ASSIGNED TASK ->
Verbatim repeat, images excluded. Give each entry again as written.

Records excerpted from a collection ->

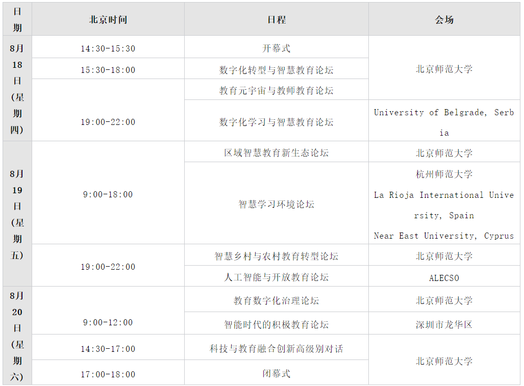 为推动我国教育数字转型与智能升级,加强国际传播,经教育部批准,由北京师范大学与联合国教科文组织教育信息技术研究所联合主办的“2022全球智慧教育大会”将于8月18-20日通过线上线下融合方式召开。本届会议以“智能技术与教育数字化转型”为主题,将围绕多项议题组织论坛和高级别对话。
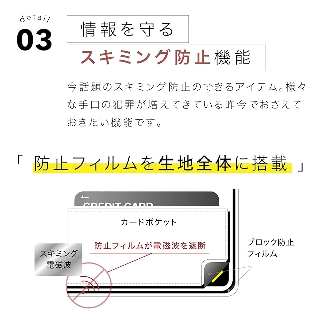 ✅【 お財布を守る!RFIDスキミング防止機能付き 】クレジットカードなどの個人情報の入った磁気情報を盗み取られるスキミング被害に必要なのはRFIDスキミング防止機能。本製品はスキミング防止フィルムをカードケースに搭載し、カードの大切な情報を守ります。
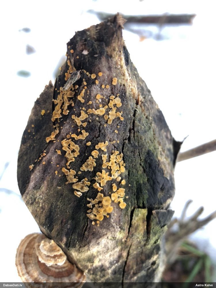 лимонно-желтая калицелла Bisporella citrina
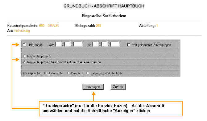 Informationen über den Grundbuchsauszug, der den eingestellten Suchkriterien entspricht,
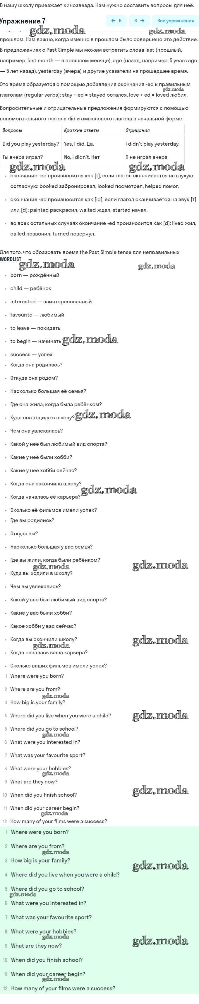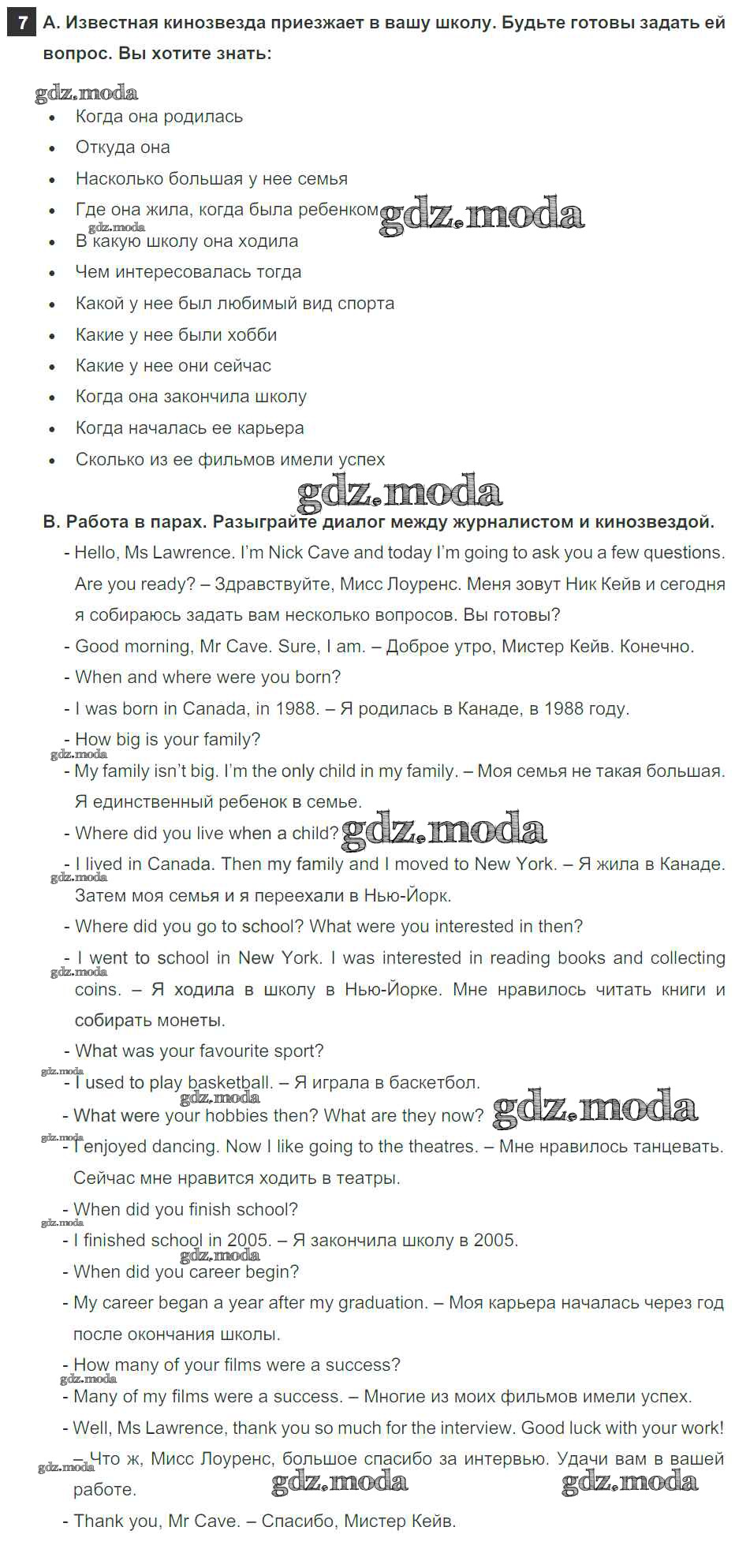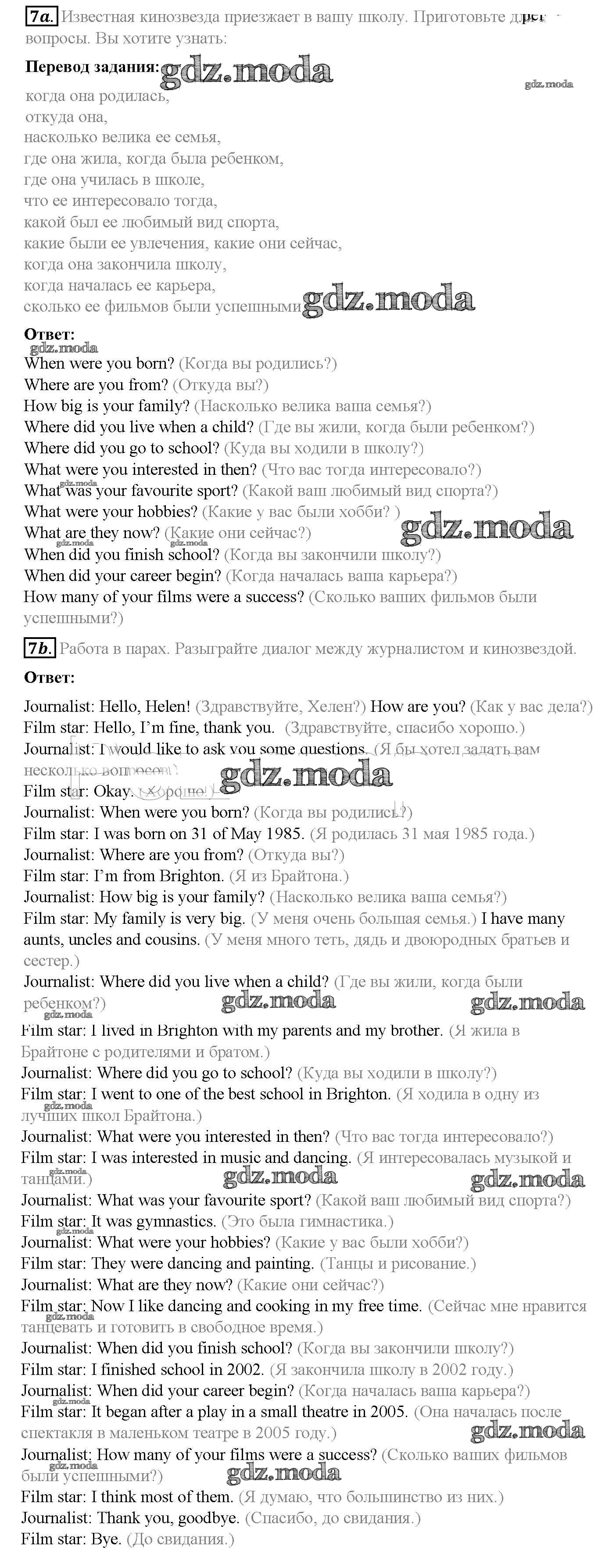 ОТВЕТ на задание № 7 Учебник по Английскому языку 5 класс Афанасьева Rainbow
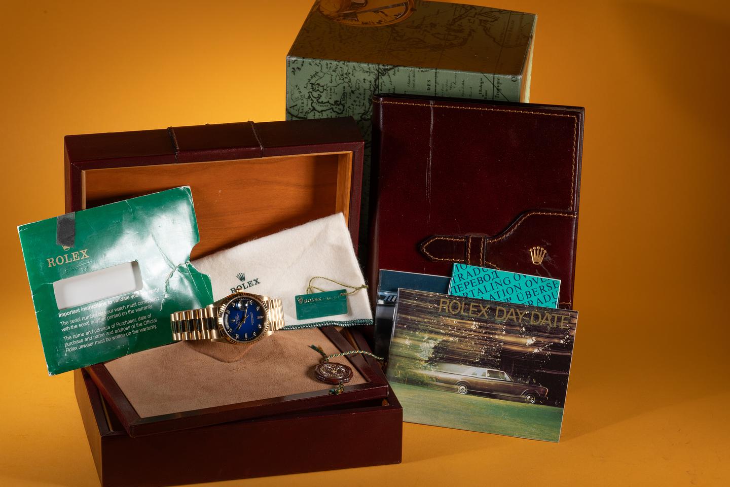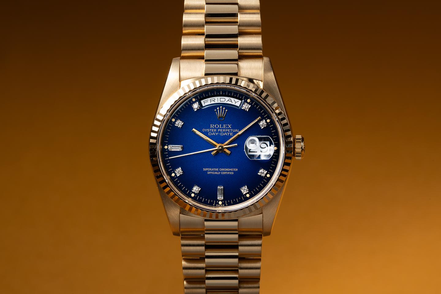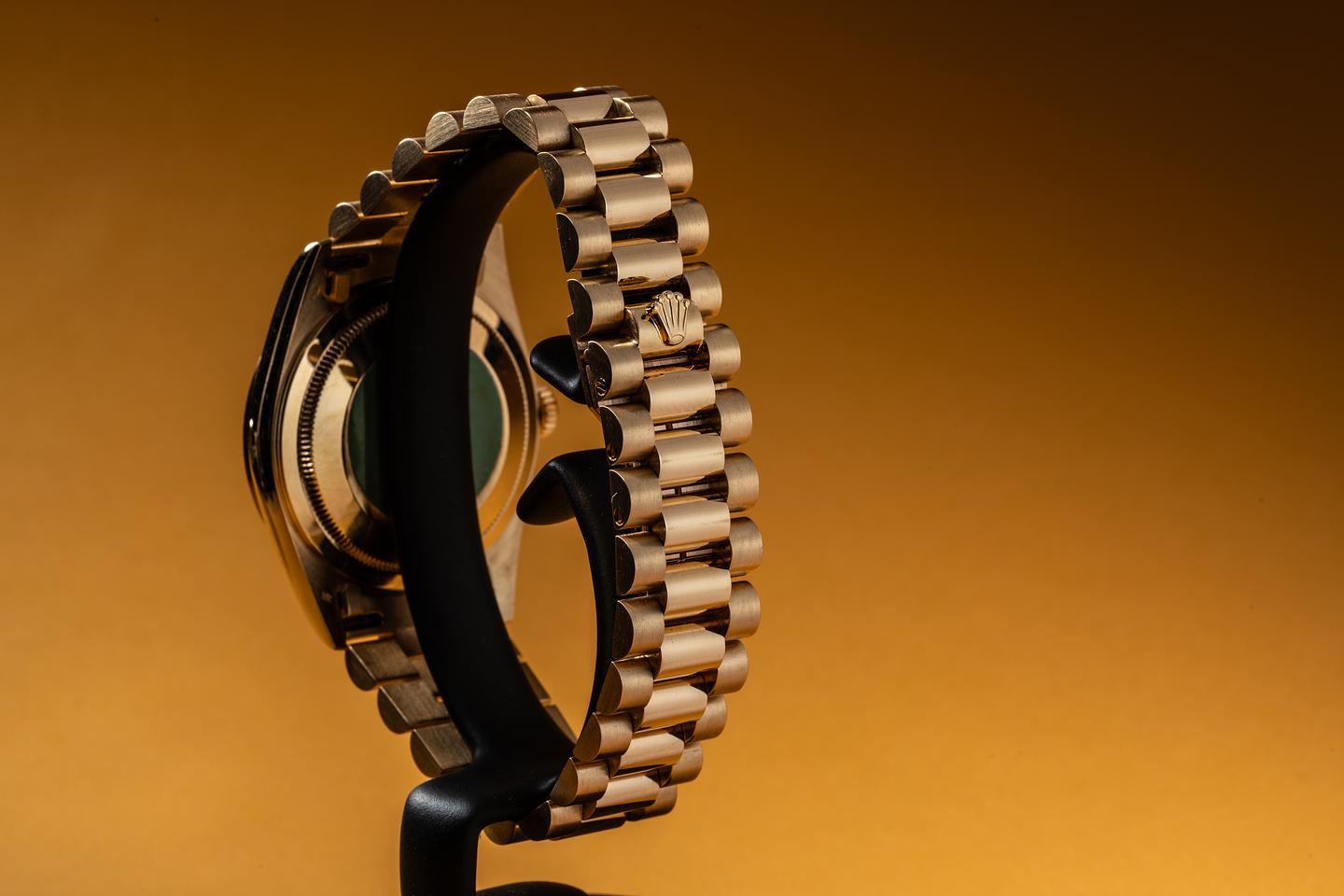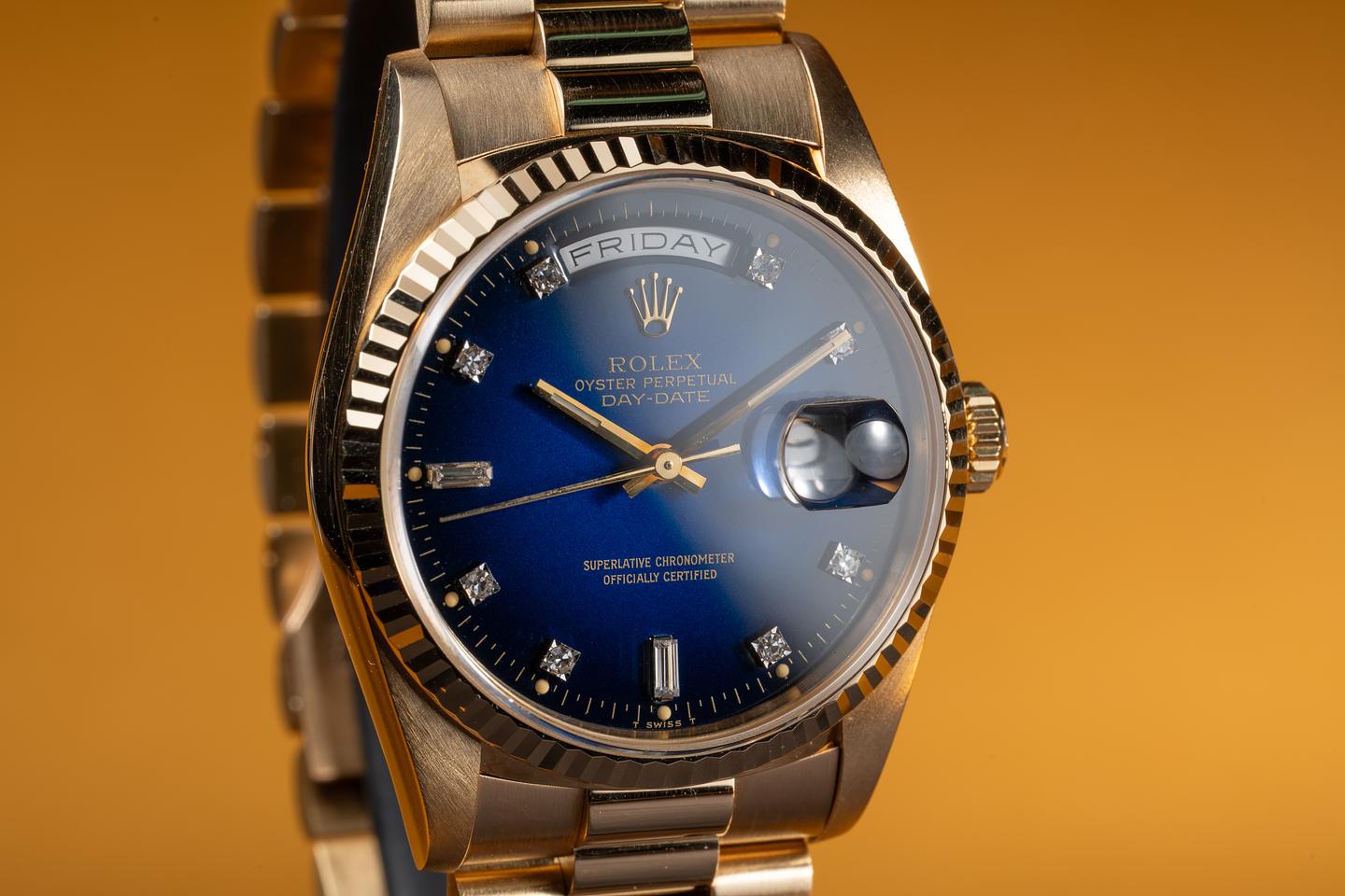 Bracelet: The 23 link 18K yellow gold president bracelet is excellent showing only very light stretch for its age. The clasp is stamped with a matching 1988 date code. The bracelet will fit up to a 17.9 cm. / 7" wrist.

RESULT ->
 为推动我国教育数字转型与智能升级,加强国际传播,经教育部批准,由北京师范大学与联合国教科文组织教育信息技术研究所联合主办的“2022全球智慧教育大会”将于8月18-20日通过线上线下融合方式召开。本届会议以“智能技术与教育数字化转型”为主题,将围绕多项议题组织论坛和高级别对话。
 ✅【 お財布を守る!RFIDスキミング防止機能付き 】クレジットカードなどの個人情報の入った磁気情報を盗み取られるスキミング被害に必要なのはRFIDスキミング防止機能。本製品はスキミング防止フィルムをカードケースに搭載し、カードの大切な情報を守ります。
 лимонно-желтая калицелла Bisporella citrina
 Informationen über den Grundbuchsauszug, der den eingestellten Suchkriterien entspricht,
 ОТВЕТ на задание № 7 Учебник по Английскому языку 5 класс Афанасьева Rainbow
 Bracelet: The 23 link 18K yellow gold president bracelet is excellent showing only very light stretch for its age. The clasp is stamped with a matching 1988 date code. The bracelet will fit up to a 17.9 cm. / 7" wrist.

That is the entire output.